Евгения Марлитт - Огненная дева
– Никогда не позволяй этой женщине дотрагиваться до тебя, я этого не хочу, – приказал он мрачно и таким глухим голосом, что только она одна могла его слышать.
– Боже мой, что за погода! Как несносно! Моему Арминиусу придется переночевать в Шенверте, – воскликнула в эту минуту герцогиня; она стояла спиною к залу, но в зеркале были видны ее сверкающие глаза. – Не будете ли вы так добры, барон Майнау, отправить меня домой! Я должна ехать, уже поздно.
Майнау вызвался сам отвезти ее, так как никому не доверял своих бешеных серых рысаков. Он вышел, чтобы отдать приказания относительно отъезда герцогини и вместе с тем поздороваться с вновь прибывшим наставником Лео.
Как ни в чем не бывало герцогиня подсела к сердито молчавшему гофмаршалу и начала с ним болтать, стараясь вовлечь в разговор и священника, пока не возвратился Майнау в дождевом плаще и рысаки не подъехали с громким ржаньем к крыльцу, где ожидали ее выхода два лакея с раскрытыми дождевыми зонтиками.

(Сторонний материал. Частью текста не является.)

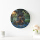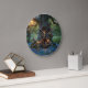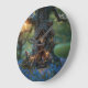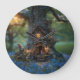 Cute Gnome-huset i en bark i träd omgiven av blåklockor vid solnedgången.
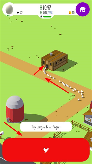 2、操作后小雞數量增加,沿路徑向建筑移動,界面數值變化,繼續按提示操作,讓更多小雞移動,推進農場的初步運營進程。
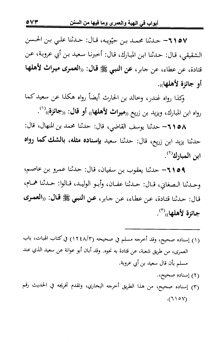 6157 - حدثنا محمد بن حيّويه، قال: حدثنا علي بن الحسن الشقيقي، قال: حدثنا ابن المبارك، قال: أخبرنا سعيد بن أبي عروبة، عن قتادة، عن عطاء، عن جابر، عن النبي صلى الله عليه وسلم قال: "العمرى ميراث لأهلها أو جائزة لأهلها".
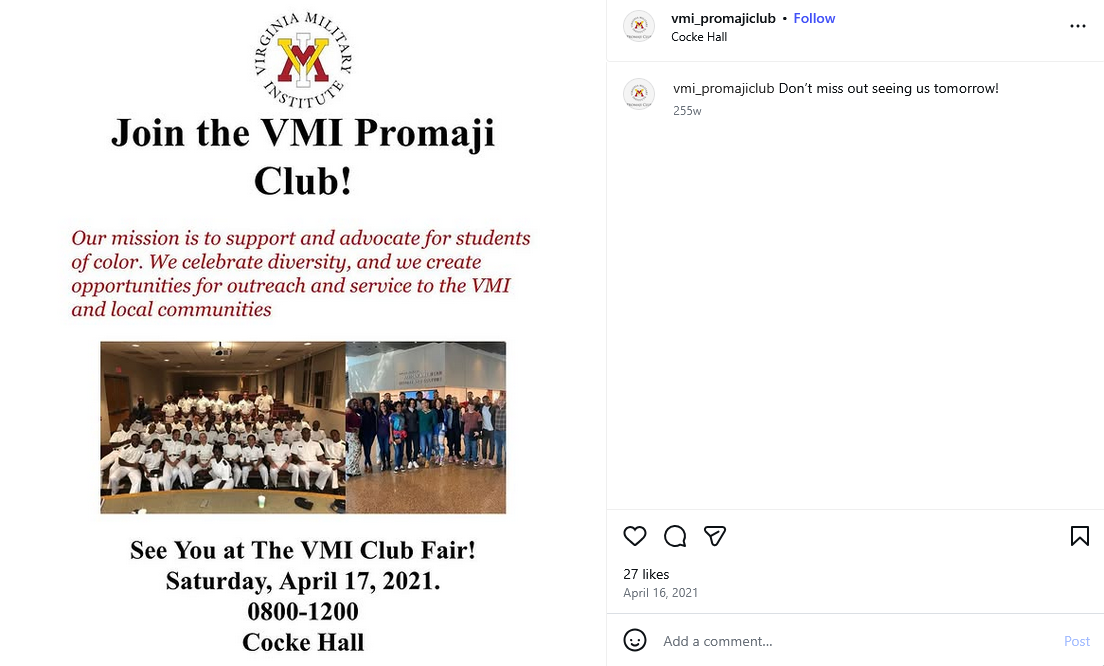 VMI has a race-based student club called Promaji that Woods was actively involved with. The website describes the club as a “black student organization” formed to “create a community for minorities on post.” Their mission is to “support and advocate for students of color.” The exclusion of white students in this mission statement is in direct conflict with the Civil Rights Act which prohibits discrimination based on race.
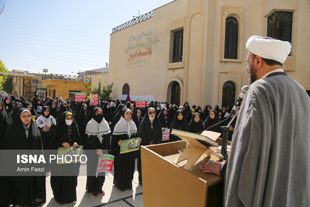تجمع بانوان حوزوی شیراز همزمان با سراسر کشور صبح یکشنبه ۲۳ مهرماه در محکومیت جنایات رژیم صهیونیستی در کشتار زنان و کودکان و حمایت از مردم مظلوم فلسطین در حوزه علمیه غدیریه شیراز برگزار شد.
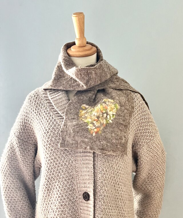 メリノウールのハートマフラー(ミディアムブラウン)
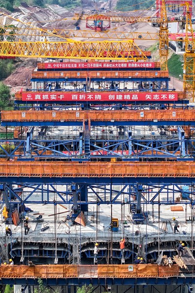 西渝高鐵康渝段站前11標(biāo)的中鐵十局的建設(shè)者在廣安東站四線中橋冒著酷熱緊張施工。(邱海鷹 柏見真/文圖)

– Хотите ехать со мною? – спросила она священника.
Он отговорился партией шахмат, которую обещал сыграть вечером с гофмаршалом, и спокойно отступил назад, когда Майнау резко и с шумом распахнул возле него стеклянную дверь.
Прекрасная герцогиня, обязательно всем поклонившись, выпорхнула из зала под руку с Майнау, а гофмаршал, кряхтя, возвратился к своему креслу.
– Пожалуйста, заприте дверь, – сказал он брюзгливо священнику, опускаясь на подушки. – Вы бы не должны были и давеча отворять ее, дорогой друг; я не смел протестовать, потому что, кажется, герцогиня этого желала, но сырой воздух свинцом лег на мои ноги: завтра я буду совершенно болен; к тому же гнев и досада сдавливают мне горло… Пожалуйста, отвезите меня в мою теплую спальню; там я отдохну и подожду, пока затопят камин, а то здесь стало ужасно холодно… Ну, Лео, ты пойдешь со мною! – крикнул он мальчику, прижавшемуся к молодой женщине.
– Я хотел бы остаться с мамой, она совсем одна, – сказал ребенок.
– Мама никогда не бывает одна: она принимает «духов природы» и не нуждается в нас, – ответил, лукаво подмигивая, старик. – Пойдем со мной!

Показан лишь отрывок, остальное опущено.